Der darauffolgende Abschnitt des Buches führt uns in eine erfrischend humorvolle Parodie der Märchenwelt; kein Stein eines Zauberschlosses bleibt auf dem anderen. So erzählt sie von zwei Schwestern, die eine voller Liebreiz, die andere ihrem Schicksal ergeben: „Und so kam es, dass ich jetzt allein im Wald lebe und aus meinem Mund Frösche und Schlangen kommen. Ich habe es nie bereut: Denn jetzt bin ich Schriftstellerin.“

Der Grundton der Erzählungen, die der Sammlung „Waffentausch“ entnommen sind, ist deutlich und direkt politisch und trägt die Narben der Jahre der Gewalt. Laura, die Protagonistin der Geschichte, die der Sammlung ihren Namen gab, lebt in einem goldenen Käfig – und nach und nach werden an ihm und in ihm Spuren eines ganz anderen Gefängnisses deutlich. Selbstverständlich haben wir es hier mit, erzähltechnisch gesehen, kunstvoll verwobenen Textsträngen zu tun, doch welche Fassung soll man der Liebe in Zeiten der Beschwichtigung geben? Valenzuela verschränkt Begehrlichkeiten, Trauma und Alltag und vermeidet es so, sichere Perspektiven vorzutäuschen, die Linien ziehen könnten zwischen der Trauerarbeit und dem Alltag, der das zukünftige Grauen in sich trägt.
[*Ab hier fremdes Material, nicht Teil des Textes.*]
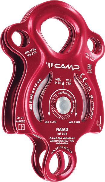 "The Naiad pulley from C.A.M.P. is an indispensable tool for anyone who wants to master complex maneuvers and the construction of rope bridles. This extremely stable and versatile pulley is specially designed for high loads, making it ideal for demanding applications. With its generously dimensioned pulley and self-lubricating plain bearings, the Naiad pulley offers an optimum solution for light loads and low speeds"
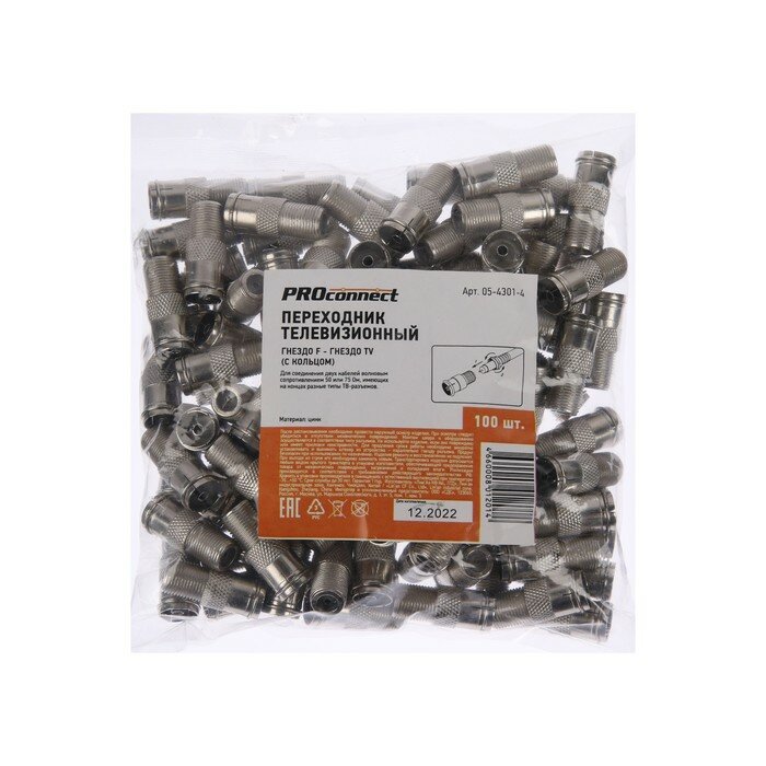 Переход штекер F - гнездо TV PROconnect предназначен для соединения двух ТВ-кабелей волновым сопротивлением 50 или 75 Ом с разными разъемами при подключении эфирного, спутникового и кабельного телевидения. С одной стороны располагается штекер F-разъема, а с другой - гнездо ТВ-разъема. Изготовлен переход из никелированного сплава первичной меди (биметалл), что гарантирует минимальный уровень потерь при прохождении сигнала. Переход в процессе монтажа не требует применения каких-либо специальных инструментов. Такой высокочастотный соединитель имеет ряд положительных преимуществ:- имеет высокую стойкость соединения разъем-кабель к внешним механическим воздействиям;
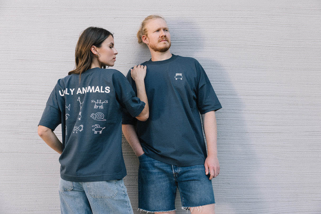 - Hinten: Ugly Animals Logo, verschiedene Tiere
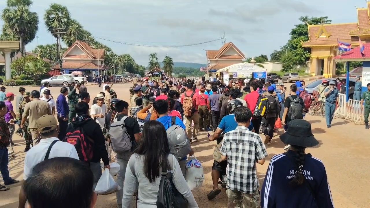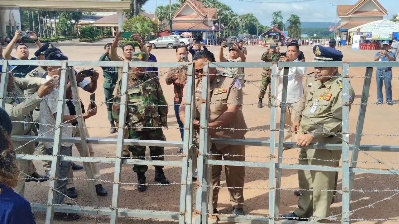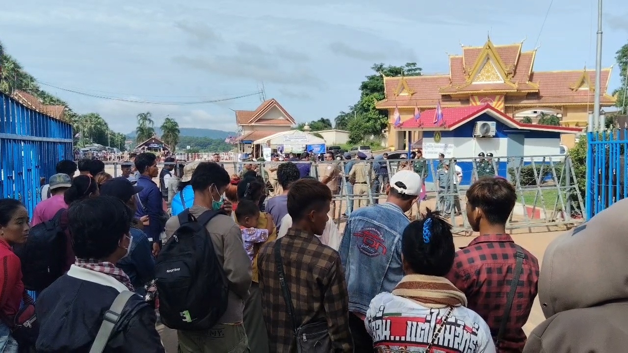 เมื่อเวลา 09.00 น. วันที่ 20 มิถุนายน 2568 ที่ประตูด่าน จุดผ่านแดนถาวรช่องจอม ต.ด่าน อ.กาบเชิง จ.สุรินทร์ หลังทางการไทยมีมาตรการตอบโต้กัมพูชา โดยจะมีการเปิดด่าน สัปดาห์ละ 3 วัน คือ วันจันทร์-พุธ-ศุกร์ เวลา 8 โมงเช้า ถึง บ่าย 3 โมง ซึ่งหลังจากเจ้าหน้าที่ไทยเปิดประตูด่านเวลา 8 โมงเช้า จากนั้นเวลา 9 โมงเช้า เจ้าหน้าที่ของกัมพูชา ถึงเวลาเปิดล็อกกุญแจแผงเหล็กลวดหนามที่กั้นประตูฝั่งกัมพูชาออกตามเวลาเช่นเดิม ก่อนที่แรงงานชาวกัมพูชาที่มาจากในพื้นที่ จ.สุรินทร์ และส่วนใหญ่ที่มาจากต่างพื้นที่และต่างจังหวัด ต่างมายื่นเอกสารหนังสือเดินทางต่างๆ กับ ตม.สุรินทร์ ก่อนจะพากันข้ามแดนกลับกัมพูชาอย่างคึกคัก ส่วนคนไทยที่ข้ามแดนลดน้อยลงมาก
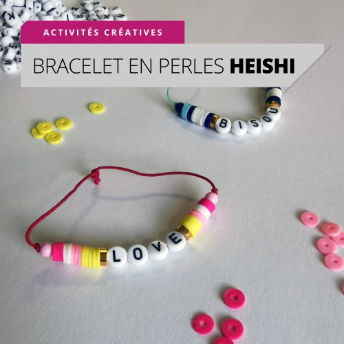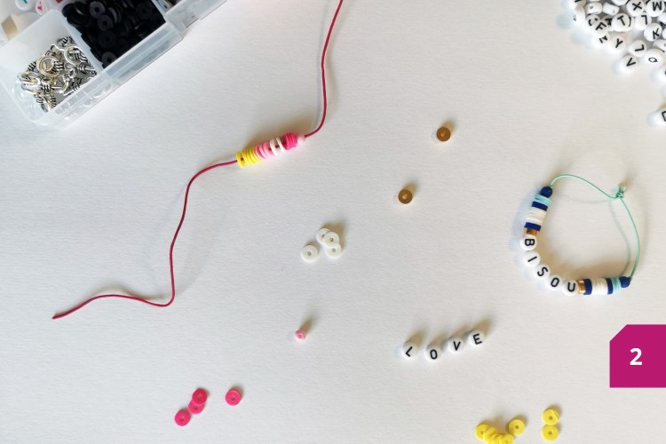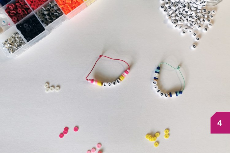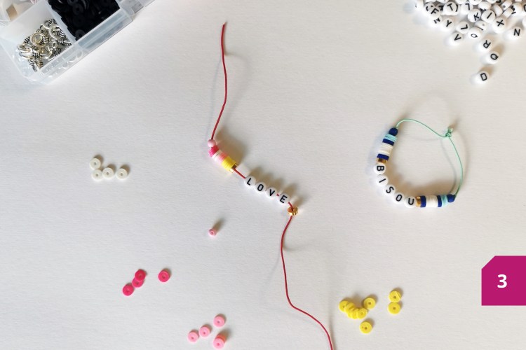 Etape 3 : Insérer les lettres dans l’ordre et dans le bon sens de lecture. Enfiler ensuite les perles Heishi puis la perle ronde de manière symétrique par rapport au début du bracelet.
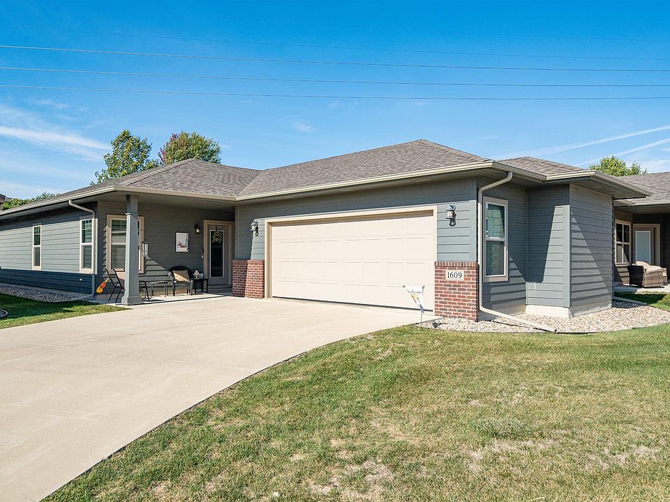 Immaculate and hard to find Villa Home in the Dawley Farm Village Addition! Enjoy the privacy of a single family home with an attached homeowners association to provide lawn care, snow removal, and garbage. This stunning villa showcases a great room feel with the wide open floor plan. High quality amenities include 3 panel doors, 9' hand scraped Tuscan ceilings, custom closet organizers, and high efficiency Carrier furnace with humidifier and central air units. Modern kitchen features custom Showplace rustic alder cabinetry topped with beautiful countertops and tile backsplash and a full depth pantry cabinet. Newly installed easy care laminate flooring throughout kitchen, dining, living, entry, and hall. Oversized master suite with trayed ceiling, private bath with 5' shower and linen cabinet, and an enormous walk-in closet. Spacious den off kitchen walks out to patio and backyard. Check out the convenient laundry/mudroom off the door from the garage. Please notice the oversized garage
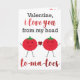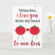 Este cartão do Dia dos Namorados é fofo e cheio de piadas com a frase "Eu te amo da cabeça aos pés" usando tomates como o menino e a menina apaixonados. Escreva seu próprio cumprimento especial dentro do cartão para o seu amor.
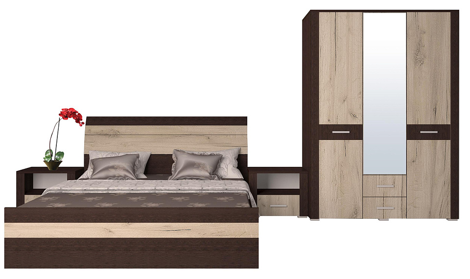 Набор Коламбия-4 - это уютное решение для вашей спальни. Вариант обладает богатой древоподобностью и уникальной фактурой. А декоративные панели, объемные плиты, комбинированные в контрасте дверей и свежей фурнитуры, выделяют коллекцию Коламбия.
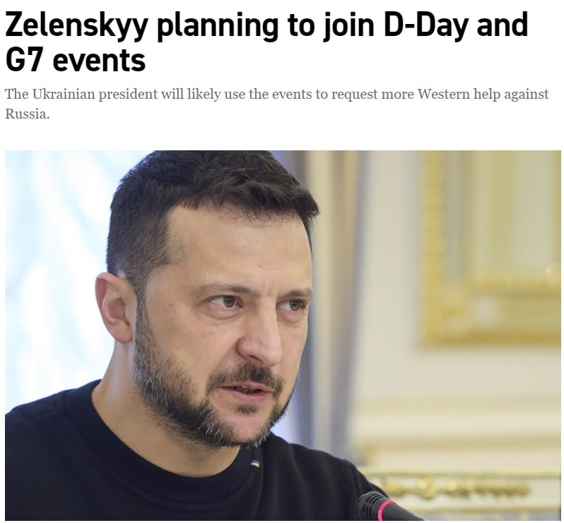 21:44 Зеленский намерен посетить мероприятия в Нормандии в честь 80-летия высадки союзных войск и встречу G7 в Италии, чтобы просить у Запада еще больше оружия, а также «попросить НАТО сбивать российские ракеты».
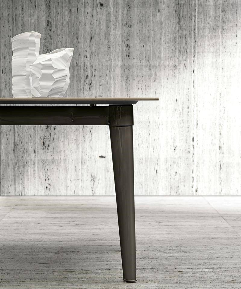 Tapered legs, with a soft, retro-inspired aesthetic and a stone-effect ceramic top, are the distinguishing features of the Terrace table, designed for use in open-air living spaces.
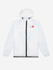 Questa giacca a vento full zip è realizzata in collaborazione fra Comme des Garçons Play e K-Way. Realizzata in resistente e leggero nylon, questa giacca unisce il funzionalismo outdoor di K-Way con l'irriverenza giocosa di Comme des Garçons Play. Presenta una chiusura full zip e un cappuccio regolabile per ripararti dalla pioggia e dal vento ed è inoltre ripiegabile e facilmente impacchettabile in valigia o zaino. I due loghi, quello di Comme des Garçons Play e K-Way, sono entrambi presenti sul petto, mentre un cuore aggiuntivo di CDG Play è ricamato sulla spalla posteriore per rafforzare la partnership CDG Play x K-Way.
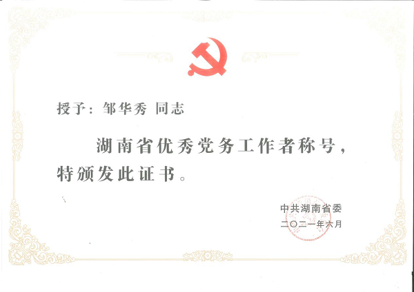 根据《中共湖南省委关于表彰湖南省优秀共产党员、湖南省优秀党务工作者和湖南省先进基层党组织的决定》,196名同志被授予“湖南省优秀共产党员”称号、4名同志被追授“湖南省优秀共产党员”称号,200名同志被授予“湖南省优秀党务工作者”称号,199个基层党组织被授予“湖南省先进基层党组织”称号。开元城南书院党总支书记邹华秀同志荣获“湖南省优秀党务工作者”称号。
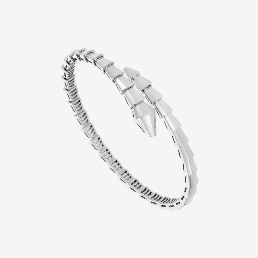 An Ultra-Modern Interpretation Of Bulgari’S Icon Of Endless Metamorphosis And Unstoppable Transformation, The Serpenti Viper 18 Kt White Gold Bracelet Enchants With The Stark Simplicity And Sleek Sensuality Of Its Hypnotic Design. A Blend Of Sinuous Shapes And Geometric Flair, The Bracelet Coils Around The Wrist With The Essential Beauty Of Its Unmistakable Scales.
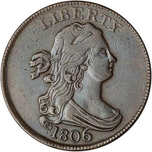 Slightly sharper but lightly cleaned and nicely retoned glossy bluish steel brown and chocolate. The only mark is a very fine hairline scratch from the hair under the E in LIBERTY down to the center of the cheek. E-MDS, Manley state 1.0. The repunching on the 6 is clear and the reverse is rotated 55 degrees CW. The bust tip is well struck, which is unusual for this variety, but the wreath at ICA is weakly impressed.
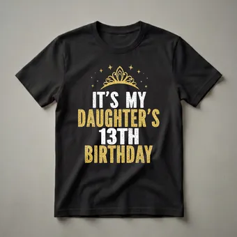 Turning thirteen marks a significant milestone, transitioning from childhood to the teenage years, and this graphic tee is a celebratory way to acknowledge that moment. The design features bold, distressed white text that reads "IT'S MY" and "13TH", positioned above equally striking gold glitter-effect text spelling out "DAUGHTER'S" and "BIRTHDAY". Crowning the design is an ornate gold crown, complete with sparkling stars scattered around it, evoking a sense of royalty and celebration. This t-shirt is a thoughtful gift for any parent looking to commemorate their daughter's thirteenth birthday. It's a fun way for the birthday girl to express her excitement about reaching this special age. She will reach for this tee to wear to her birthday party, family gatherings, or any celebration marking her entry into adolescence. This shirt is a fantastic way to make her feel like the queen of her special day, celebrating the transition into her teenage years with style and sparkle.
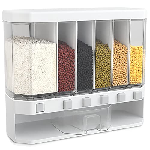 - موزع حبوب 6 شبكات للمطبخ: موزع حبوب لتخزين الحبوب يومياً باستخدام الحبوب والأرز والحبوب والبقول وحبوب القهوة
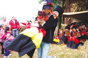 居住在滇西北和滇南等地的彝族也保留著搶婚的習(xí)俗,只是形式稍有不同。在滇西北地區(qū),男方家的人一邊給女方家送彩禮,一邊用氈子強行把姑娘裹走。這時女方家的人可以用假打的方式對付來搶婚的人,并把黑黑的鍋灰抹在搶婚者的臉上。搶婚的人們一個個鍋灰滿面,黑不溜秋的,常逗得賓客開懷大笑。在滇南等地,搶婚的地點、時間都是事先約好的,往往姑娘在田里勞動、在村邊割草或背柴回家的路上就被搶走了。搶到的姑娘直接被領(lǐng)到男方家的堂屋。這也標(biāo)志著雙方正式締結(jié)婚姻關(guān)系了。不管用什么形式搶親,把姑娘搶到新郎家后,都要按當(dāng)?shù)匾妥宓牧?xí)俗,舉行婚禮,并宴請賓客。
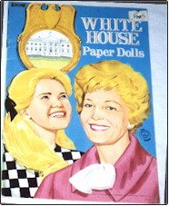Whitman's 1973 Bridal Fashions is very unusual. It contains a record that plays music and a bridal fashion show commentary along with a stage for added play value. In Artcrafts 1974 White House we see a great likeness to Pat and Tricia Nixon though their names are not mentioned.
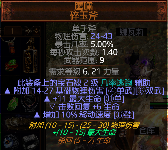 或者你可以选择这把单手斧增加了10%的移动速度,但是猝死几率会提高20%以上(这里的几率全凭长久跑矿洞获得的感觉)
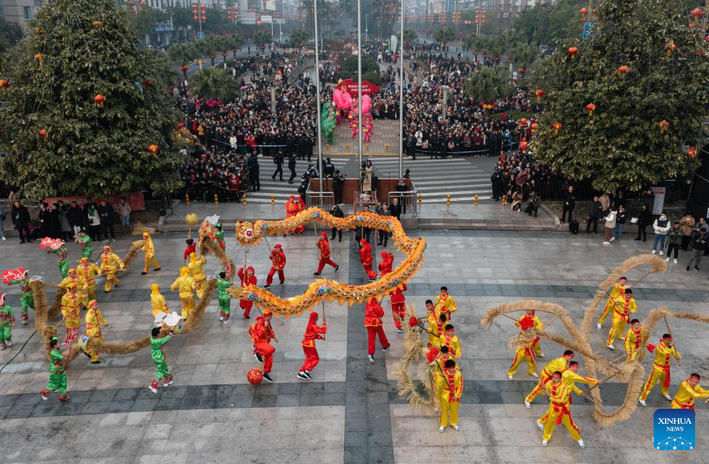 This aerial photo taken on Feb. 5, 2023 shows people performing dragon dance in Luxian County, southwest China's Sichuan Province. Various events are held across the country to celebrate the Lantern Festival, the 15th day of the first month of the Chinese lunar calendar, which falls on Feb. 5 this year. (Xinhua/Jiang Hongjing)
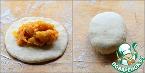 Каждую часть раскатать в лепешку.
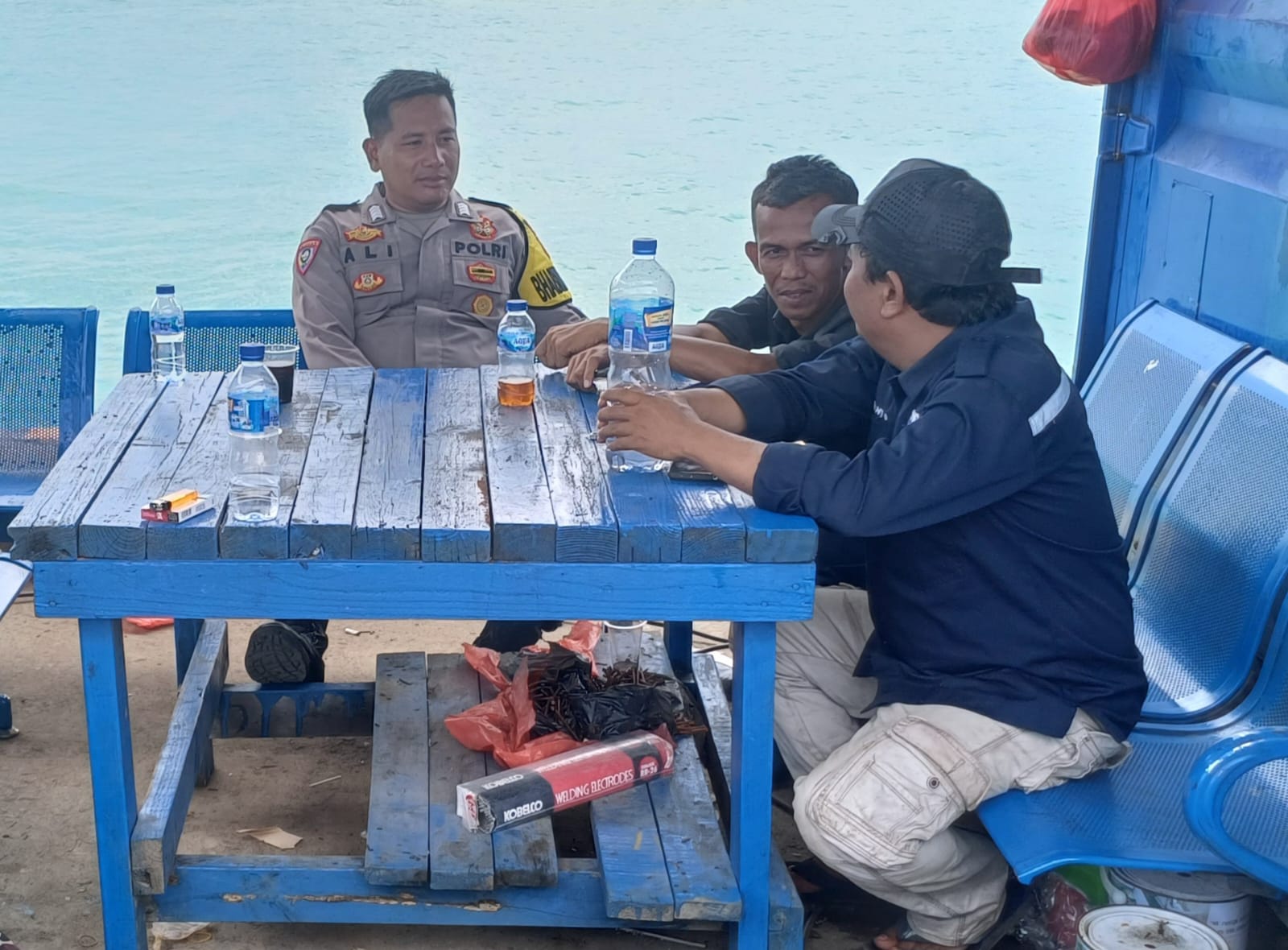 Jalin Silaturahmi, Personil Bhabinkamtibmas Pelabuhan Polsek KP Banten berbincang dengan Buruh Pelabuhan

Und dann erst die Gleichzeitigkeit, die die Chronologie der laufenden Ereignisse hin zu einer Albtraumarbeit des Chronischen durchbricht – bis an einen Punkt, der den Frauengestalten neue Spielräume des Handelns eröffnet. 

Der Mitgeselle der Diktatur, der Laura aus den Fängen der Peiniger befreit (aus Herablassung, aus Lust...), sucht angesichts der sich ändernden politischen Verhältnisse das Weite. „Er zuckt mit den Schultern und dreht sich, wie so viele andere Male auch, auf den Fersen um und geht zur Ausgangstür. Sie sieht diesen Rücken, der sich entfernt, und es ist, als ob sich in ihrem Inneren der Nebel ein wenig lichtete. Sie beginnt einiges zu begreifen, begreift vor allem die Funktion dieses schwarzen Instruments, das er Revolver nennt. Und da erhebt sie ihn und zielt.“ Weil sie verlassen wird, weil sie sich rächen will, an ihm, an sich selbst? Wer weiß...

Bis zur Ekstase steigert sich das Erzähltempo, die Intensität der Gestaltungsmittel, in dem den Band abschließenden Kurzroman „Argentinische Bettrealitäten“. Manches an persönlichem Erleben Valenzuelas aus der Zeit unmittelbar nach ihrer Rückkehr aus dem US-amerikanischen Exil ist in diesen Text eingeflossen. Erschöpfung, Schuldgefühl, Allzuvertrautes bis zur Fremdheit, das Besitz ergreift, schonungslos. Loszuschreibendes, von den tiefsten Winkeln des Empfindens her. Ein Landhaus, ein Truppenübungsplatz, der Umsturz. Man fühlt sich an Fernando Arrabals Picknick im Felde erinnert, an Kafka – und an eine Realität, die es dennoch zu gestalten gilt. Und am Ende auch ein Tango... darin ein Innehalten zwischen zwei Figuren des vereinten Unvereinbaren. Hervorzuheben ist schließlich die gelungene Arbeit der Übersetzerinnen, die einen guten Weg zwischen Texttreue und Kreativität gefunden haben.

Luisa Valenzuela: Feuer am Wort. Erzählungen, Übersetzung: Helga Lion, Erna Pfeiffer, Julia Schwaighofer, Eva Srna und Birgit Weilguny, Edition Milo im Drava Verlag/Zalozba Drava, Klagenfurt/Celovec, 2008  291 Seiten, ISBN: 978-3-85435-558-8 Preis: Euro 24,80

  • 1. Bei der Fußball-WM 1978 unterlag der amtierende Weltmeister BRD am 21. Juni in Córdoba der österreichischen Auswahl mit 2:3, ein Datum, an das in Österreich bis heute gerne gedacht wird, während es von bundesdeutschen Fußballfans lieber verdrängt wird.
  • 2. Die Erzählung „Tango“ von Luisa Valenzuela ist in der Übersetzung von Erna Pfeiffer in der ila 226 (Juni 1999) erschienen.